Add _LIST option to include_subject_tags(/extra_subject_tags), refactor

2026-05-01 19:34:24 +02:00 · 2023-07-23 12:42:47 -05:00 · 2023-07-23 12:42:47 -05:00 · 54a00a934b
commit 54a00a934b
parent c638ac8457
3 changed files with 39 additions and 31 deletions
--- a/calibre-plugin/plugin-defaults.ini
+++ b/calibre-plugin/plugin-defaults.ini
@ -807,9 +807,6 @@ capitalize_forumtags:true
 include_in_genre:genre,forumtags
 include_in_category:category,tagsfromtitle,parentforums

-## Previously was:
-#add_to_include_subject_tags:,tagsfromtitle.SPLIT,forumtags
-
 ## base_xenforoforum reads Published and Updated datetimes from
 ## Threadmarks if used, or from the posted & updated times of the
 ## 'first' post if no threadmarks.
--- a/fanficfare/defaults.ini
+++ b/fanficfare/defaults.ini
@ -791,9 +791,6 @@ capitalize_forumtags:true
 include_in_genre:genre,forumtags
 include_in_category:category,tagsfromtitle,parentforums

-## Previously was:
-#add_to_include_subject_tags:,tagsfromtitle.SPLIT,forumtags
-
 ## base_xenforoforum reads Published and Updated datetimes from
 ## Threadmarks if used, or from the posted & updated times of the
 ## 'first' post if no threadmarks.
--- a/fanficfare/story.py
+++ b/fanficfare/story.py
@ -17,7 +17,7 @@

 from __future__ import absolute_import
 import os, re, sys
-from collections import defaultdict
+from collections import defaultdict, OrderedDict
 import string
 import datetime
 from math import floor
@ -1325,35 +1325,49 @@ class Story(Requestable):
        return retlist

    def getSubjectTags(self, removeallentities=False):
-        # set to avoid duplicates subject tags.
-        subjectset = set()
+        ## Used both to populate epub <dc:subject> tags and Calibre
+        ## Tags column.
+
+        # to avoid duplicates subject tags *and* allow order of
+        # <dc:subject> tags.
+        subjectset = OrderedDict()

        tags_list = self.getConfigList("include_subject_tags") + self.getConfigList("extra_subject_tags")

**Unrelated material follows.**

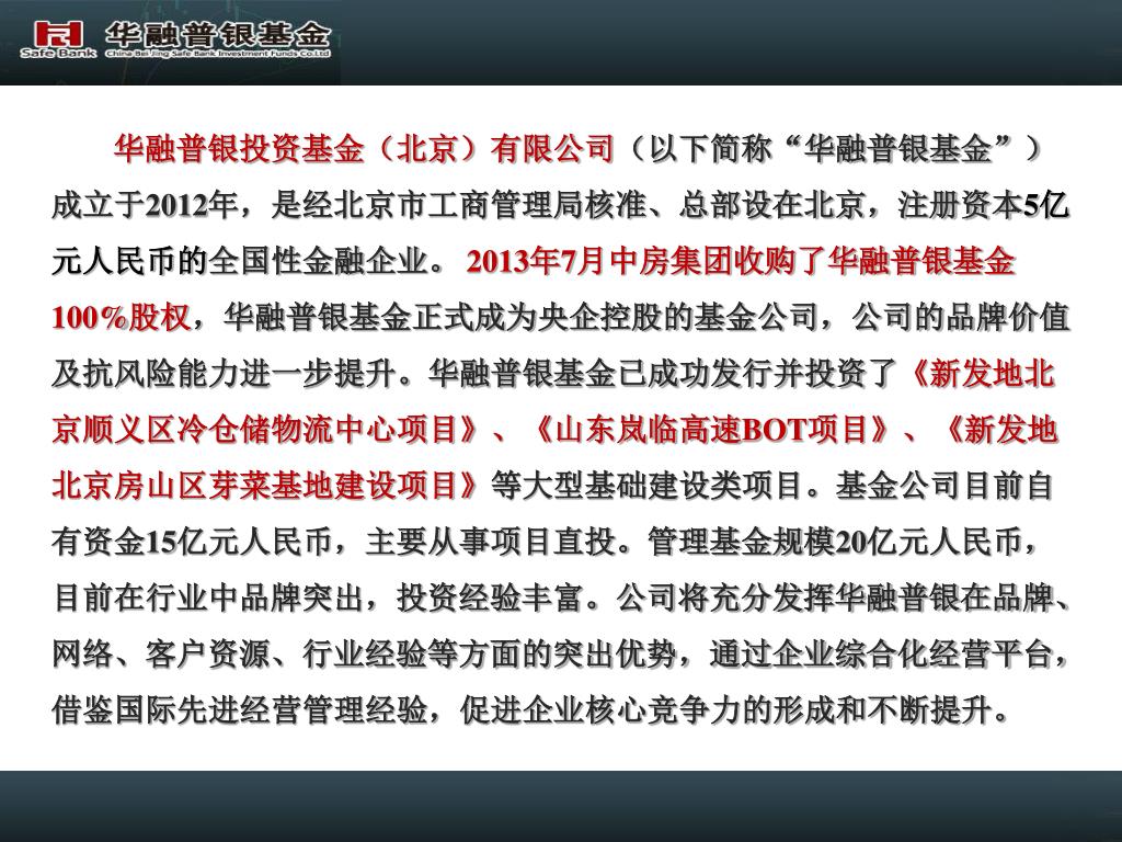 华融普银投资基金(北京)有限公司(以下简称“华融普银基金”)成立于2012年,是经北京市工商管理局核准、总部设在北京,注册资本5亿元人民币的全国性金融企业。 2013年7月中房集团收购了华融普银基金100%股权,华融普银基金正式成为央企控股的基金公司,公司的品牌价值及抗风险能力进一步提升。华融普银基金已成功发行并投资了《新发地北京顺义区冷仓储物流中心项目》、《山东岚临高速BOT项目》、《新发地北京房山区芽菜基地建设项目》等大型基础建设类项目。基金公司目前自有资金15亿元人民币,主要从事项目直投。管理基金规模20亿元人民币,目前在行业中品牌突出,投资经验丰富。公司将充分发挥华融普银在品牌、网络、客户资源、行业经验等方面的突出优势,通过企业综合化经营平台,借鉴国际先进经营管理经验,促进企业核心竞争力的形成和不断提升。

-        # metadata all go into dc:subject tags, but only if they are configured.
-        for (name,value) in six.iteritems(self.getAllMetadata(removeallentities=removeallentities,keeplists=True)):
-            if name+'.SPLIT' in tags_list:
-                flist=[]
-                if isinstance(value,list):
-                    for tag in value:
-                        flist.extend(tag.split(','))
-                else:
-                    flist.extend(value)
-                for tag in flist:
-                    subjectset.add(tag)
-            elif name in tags_list:
-                if isinstance(value,list):
-                    for tag in value:
-                        subjectset.add(tag)
-                else:
-                    subjectset.add(value)
+        ## This used to spin on keys of self.getAllMetadata() look for
+        ## key in tags_list.  No idea why, probably from even older code
+        ## 4bb91cd0c5877cf64a779c92d1f9f338a130fa5b
+        for entry in tags_list:
+            ## allow both _LIST and .SPLIT
+            entry_key = entry.replace('_LIST','').replace('.SPLIT','')
+            if not self.isValidMetaEntry(entry_key):
+                logger.warning("Skipping invalid metadata entry (%s) in include_subject_tags",entry)
+                continue
+            if '_LIST' in entry:
+                # _LIST indicates to use the whole list (as a string)
+                # to match _LIST in replace_metadata.  Then split by
+                # comma(,)
+                value_list = [ self.getMetadata(entry_key,
+                                                removeallentities=removeallentities) ]
+            else:
+                # use lists to match prior behavior, skipping _LIST
+                # replace_metadata lines.
+                value_list = self.getList(entry_key,
+                                          removeallentities=removeallentities)
+            if '.SPLIT' in entry:
+                # .SPLIT is obsolete, but may be used in some
+                # users' config. split each entry value by ','
+                split_list = []
+                for value in value_list:
+                    split_list.extend(value.split(','))
+                value_list = split_list

-        if None in subjectset:
-            subjectset.remove(None)
-        if '' in subjectset:
-            subjectset.remove('')
+            for v in [ x.strip() for x in value_list ]:
+                if v: # skip '' or None
+                    subjectset[v] = True

-        return list(subjectset)
+        logger.debug("getSubjectTags:%s"%subjectset.keys())
+        return list(subjectset.keys())

    def addChapter(self, chap, newchap=False):
        # logger.debug("addChapter(%s,%s)"%(chap,newchap))